Variety fest enjoyable, though be aware the corn grows high
14 January 2003 | by (Los Angeles) – See all my reviews

A pleasing enough entertainment, working primarily as a pageant of various MGM specialty acts - impressionists, contortionists, nightclub acts, tap-dancers, as well as the standard musical theatrical numbers. The film isn't a musical in the traditional sense, as all the musical numbers are in the contest of an actual performance (some done toward the camera). It's much more in the tradition of a 1960s-70s variety TV show.

There is a connecting plot, though only the slimmest possible. For me, the movie dragged whenever it stopped the music for a little story updating. George Murphy doesn't really dance much here - just briefly toward the beginning and end - and he does an OK piano medley in the middle. Ginny Simms isn't much of a screen presence, but has a great voice used to advantage. Close your eyes while she's singing and you won't miss much onscreen, other than the costumes.
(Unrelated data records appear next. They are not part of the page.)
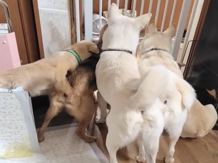これは先日、見かけない業者の方が部屋に大きな部材を持って入り、少し音が出ながら窓枠を変えている時の様子。代表が室内にいることもあり、威嚇ではなくてびっくりしていることもあり、犬達はじーっと様子を凝視して騒がなかったのは立派でした。不安そうな犬にはボディタッチで落ち着かせ。人間も犬と助け合って心を落ち着かせているかのよう。
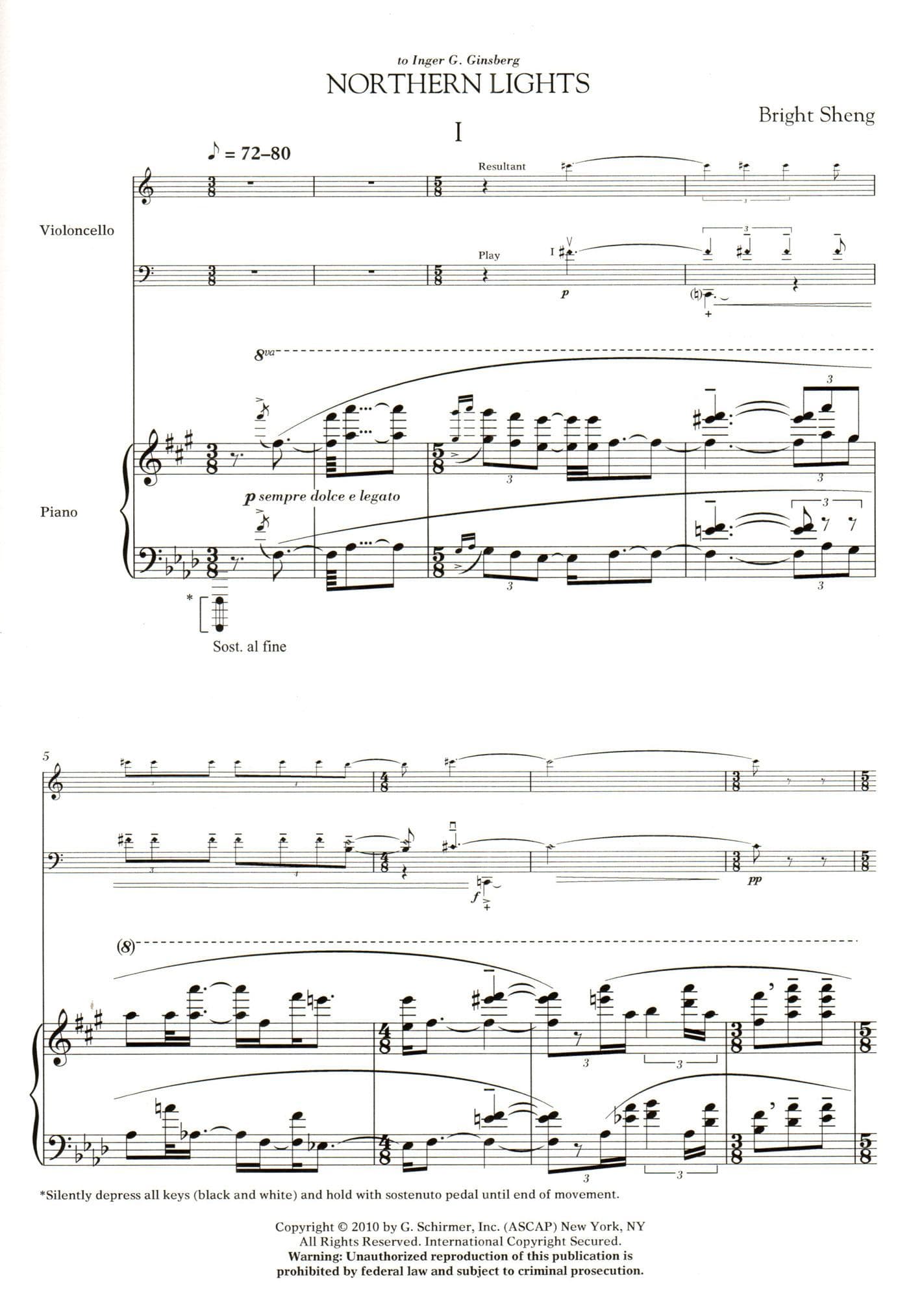 Sheng, Bright - Northern Lights - for Cello and Piano - G Schirmer Edition
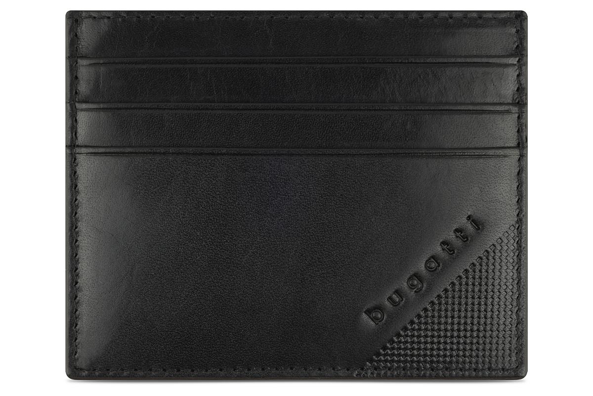 Портмоне для кредитных карт BUGATTI АРИСТОКРАТ | NOBILE, с защитой данных RFID, черное, натуральная воловья кожа, 10х0,3х8 см

The highlights are in the supporting cast; great numbers from Lena Horne, Tommy Dorsey, Hazel Scott, and Nancy Walker (though you really have to wait for hers; she's a bit underused here). Really nice work from Gloria DeHaven and Kenny Bowers in their couple of tunes, as well as Walter Long's tap-dancing. The singing-contortionist Ross Sisters are something to see, but the impressionist got on my nerves after a while. (Some of his subjects will not register with viewers unfamiliar with the era; there's a couple of topical jokes elsewhere in the film also.)

And Charles Winninger is a pleasure to watch in a diversion for him; I've rarely seen him in musical roles.

In short, worth seeing for most of the musical segments; the rest is unremarkable.